Taints and tolerations is a concept defined in kubernetes to repel pods from nodes link. Defining tolerations is same as defined in the kubernetes docs. Keep in mind the affinity rules added by the controller when az’s are defined. An example is specified in the examples folder.

Restarting on Config Change

QuarksStatefulSets can be automatically updated when the environment/mounts have changed due to a referenced ConfigMap or a Secret being updated. This behavior is controlled by the updateOnConfigChange flag which defaults to false.

Watches in cleanup controller

  • StatefulSet: Creation/Update

Reconciliation in cleanup controller

It will delete statefulsets with old versions, only after the new statefulset version instances are up and running.

QuarksStatefulSet Active-Passive Controller

qsts-activepassivecontroller-flow Fig. 3: The QuarksStatefulset active/passive controller

Active/passive model is application model that have multiple running instances, but only one instance is active and all other instances are passive (standby). If the active instance is down, one of the passive instances will be promoted to active immediately.

The activePassiveProbes key defines active probe to be performed on a container. The controller examines the active probe periodically to see if the active one is still active. If active pod is down or there isn’t an active pod, the first running pod will be promoted as active and label it as quarks.cloudfoundry.org/pod-active: active.

 1
 2
 3
 4
 5
 6
 7
 8
 9
10
11
12
13
14
15
16
17
18
19
20
21
22
23
24
25
apiVersion: quarks.cloudfoundry.org/v1alpha1
kind: QuarksStatefulSet
metadata:
  name: myquarksstatefulset
spec:
  activePassiveProbes:
    busybox:
      # define a active probe on the container
      exec:
        command:
        - /bin/sh
        - -c
        - /root/check-active.sh
  template:
    spec:
      replicas: 2
      template:
        spec:
          containers:
          - name: busybox
            image: busybox
            command:
            - sleep
            - "3600"
  ...

The controller manages this active probing and provides pod designation label to the service’s selectors.
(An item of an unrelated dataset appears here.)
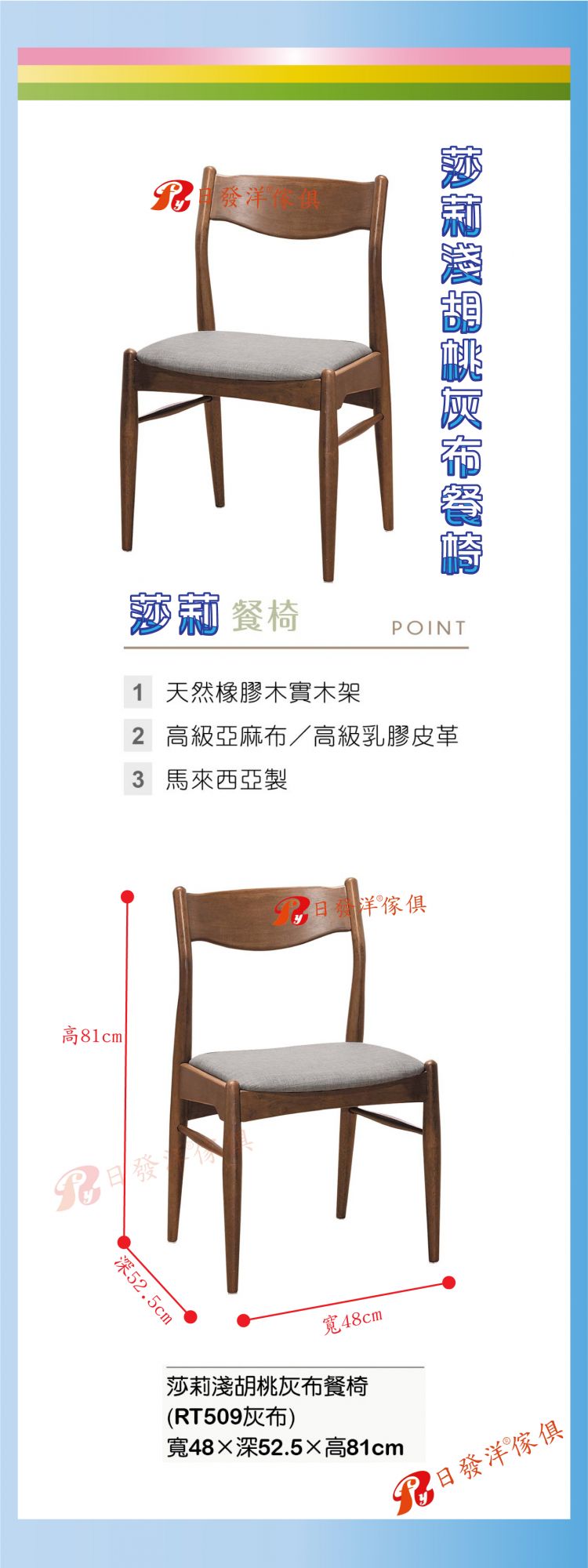 - 品名:A479-02莎莉淺胡桃灰布餐椅

Any requests sent to the service will then only be sent to the active pod.

Relationship with the BDPL component

bpm-qsts-relationship Fig. 4: Relationship with the BPM controller

Figure 4 illustrates the interaction of the BPM Controller with the QuarksStatefulSet Controller. Once the BPM controller consumes the data persisted in secrets from the QuarksJob Component, it will use that data to generate new QuarksStatefulset instances. When these resources are generated, the QuarksStatefulSet controller will be watching and trigger its reconciliation loop.

Examples

See https://github.com/cloudfoundry-incubator/cf-operator/tree/master/docs/examples/quarks-statefulset


StatefulSet Rollout

To implement the BOSH behaviour during rollout of a new manifest, an special controller is introduced.